The same is true, I think, of the American South. Those outside this region often have a hard time understanding the pleasures of this place. That’s kinda why folks like me have a job! 

To explain Southern culture (and probably any culture), you must understand four important things from that culture: its literature, its visual art, its food, and its music. In all these areas, the cultural output of the South is distinct from the rest of our nation — and the rest of the world. 

Oxford, Miss.,- born author William Faulkner is one example of the South's great contributions to culture.

Caption

Oxford, Miss.,-born author William Faulkner is one example of the South's great contributions to culture.

Particularly in the 20th century, in literature, our region shaped legendary writers: Welty, Hurston, Faulkner. In visual art, painters like Nellie Mae Rowe, mixed-media artists like Thornton Dial, photographers like Sally Mann. In food, you can just start with fried chicken and pound cake and go in a thousand different, distinctly Southern directions. 

 And in music, you don’t even have to name names at all. Because Southerners defined most every genre of music that came to prominence In the last century. The blues. Jazz. Gospel. Soul and R&B. Rock ’n’ roll. And in the final years of the century came the genre that would rule the global musical universe: Southern hip-hop.

 It was not difficult in the 20th century for any listener to hear a piece of Southern music and fit it neatly within one of those six musical genres. 

But that has not been the case in the first 25 years of this century. Fried chicken is still fried chicken, but Southern music is no longer easily described. 

Excerpt of "Black Myself" by Our Native Daughters:

I don't creep around, I stand proud and free

'Cause I'm black myself

I go anywhere that I wanna go

'Cause I'm black myself

I'm surrounded many lovin' arms

'Cause I'm black myself

And I'll stand my ground and smile in your face

'Cause I'm black myself

Chuck Reece: That voice belongs to a musician from East Tennessee named Amythyst Kiah. That version of her song “Black Myself” is from a project called Our Native Daughters, which featured Kiah and the Grammy- and Pulitzer Prize-winning North Carolina musician Rhiannon Giddens. 

What did you hear in that? For one, you heard a banjo in a distinctly non-bluegrass song. Second, you heard a Black musician asserting her people’s proud role in the story of the South. Finally, you heard a young musician using her own experiences of this region to reckon with its history.

Amythyst Kiah and Mipso: asset-mezzanine-16x9

Amythyst Kiah: This part of the country has a, y'know, pretty tumultuous history.

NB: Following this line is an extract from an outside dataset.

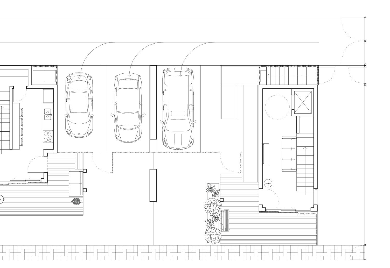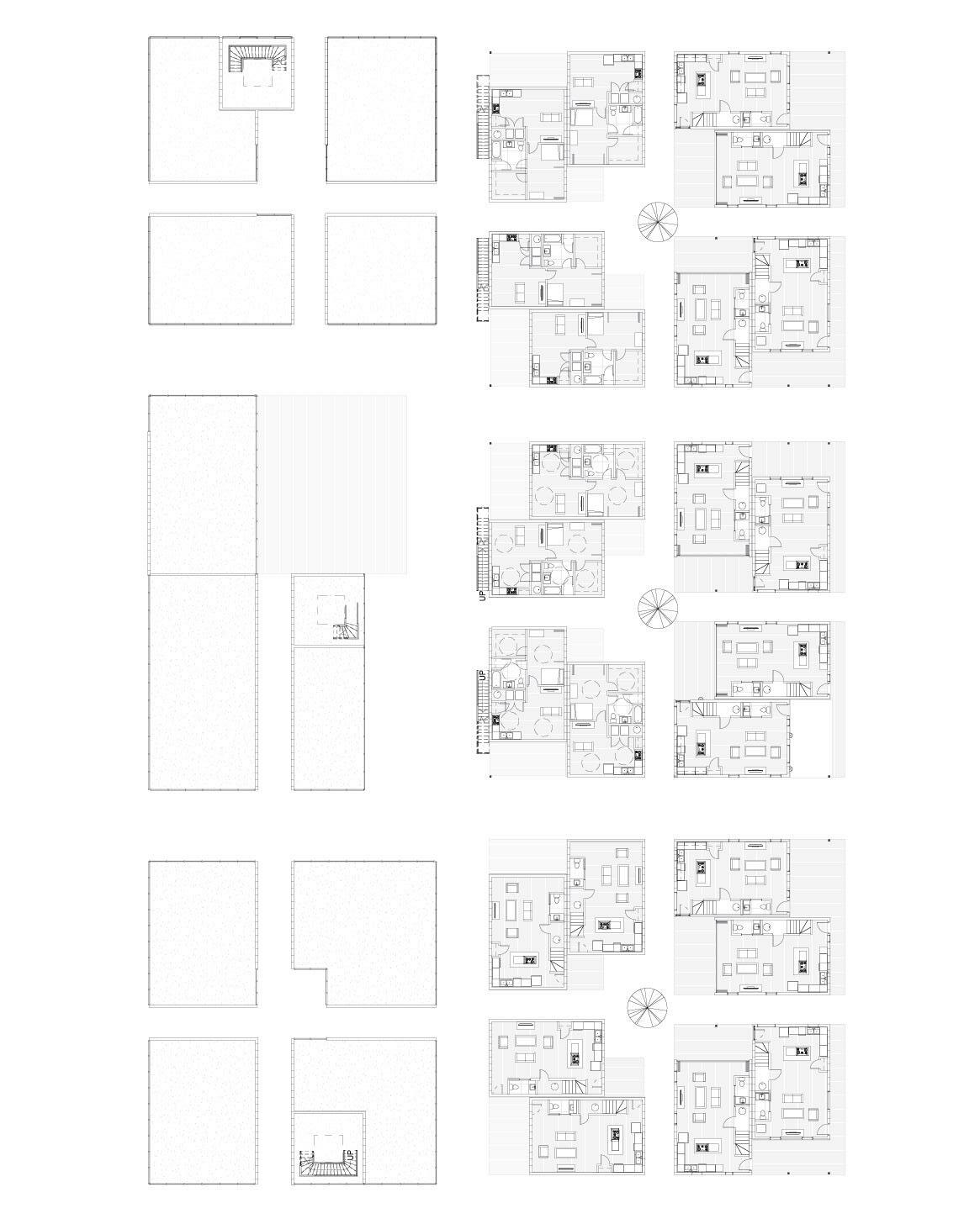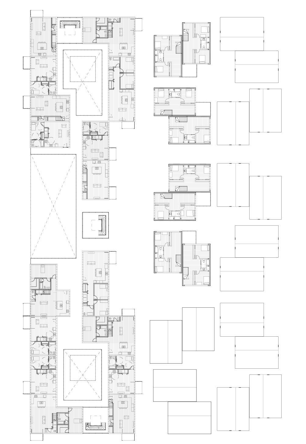 The sense of community in an infill condition necessitates dedicated area for shared spaces such as alleys, walkways, balconies, and gardens which facilitate interactions between neighbors. Approximately half of the lot area is liberated from inhabitable space and is dedicated to large green spaces to maintain nature and gardens within the city. As a result, the top floors respond to the dedicated ground conditions to allow light to penetrate through this narrow space to prolong the life of these gardens.

It's kind of been easy for people to kind of see like the North was like the safe haven and the do-gooders, and the South was sort of like the evil power. A lot of, you know, civilizations, you know, have very complicated stories. With the Southern experience, um, I think it's, you know, a lot more complex than I think some people tend to give it credit for. 

Chuck Reece: If you’re interested in getting past the moonlight-and-magnolias mythology of the Old South, the way to do it is to complicate people’s understanding of our region. That, to me, is the thread that connects the most vital Southern music of this century.

And Amythyst Kiah is hardly the only musician from down here who’s playing that game. 

Today, we will take you on a tour of Southern music that challenges stereotypes. Y’all stick with us to hear music from several corners of this century’s Southern music scene. And listen in as we talk to folks who make that music. 

 I’m Chuck Reece, and welcome to a new edition of Salvation South Deluxe, a series of in-depth pieces that we add to our regular podcast feed. On Salvation South "Dee-luxe," we unravel untold stories of the Southern experience, and we introduce you to people who make this region truly unique.

 

ACT ONE:

 Excerpt of "A Better South" by American Aquarium:

I’m sick and tired of listening to daddy’s generation

The byproduct of war and segregation

Still thinkin' they can tell us what to do

Who can live where and who can love who

BJ Barham: My name is BJ Barham. I am the lead singer of a band from Raleigh, N.C., called American Aquarium. 

Chuck Reece: Since 2005, American Aquarium has toured the world playing music that sounds, as you just heard, kinda country, kinda rock and roll. Sonically, it sounds a little like the “Southern rock” that flooded out of Macon, Ga., back in the 1960s and ’70s. 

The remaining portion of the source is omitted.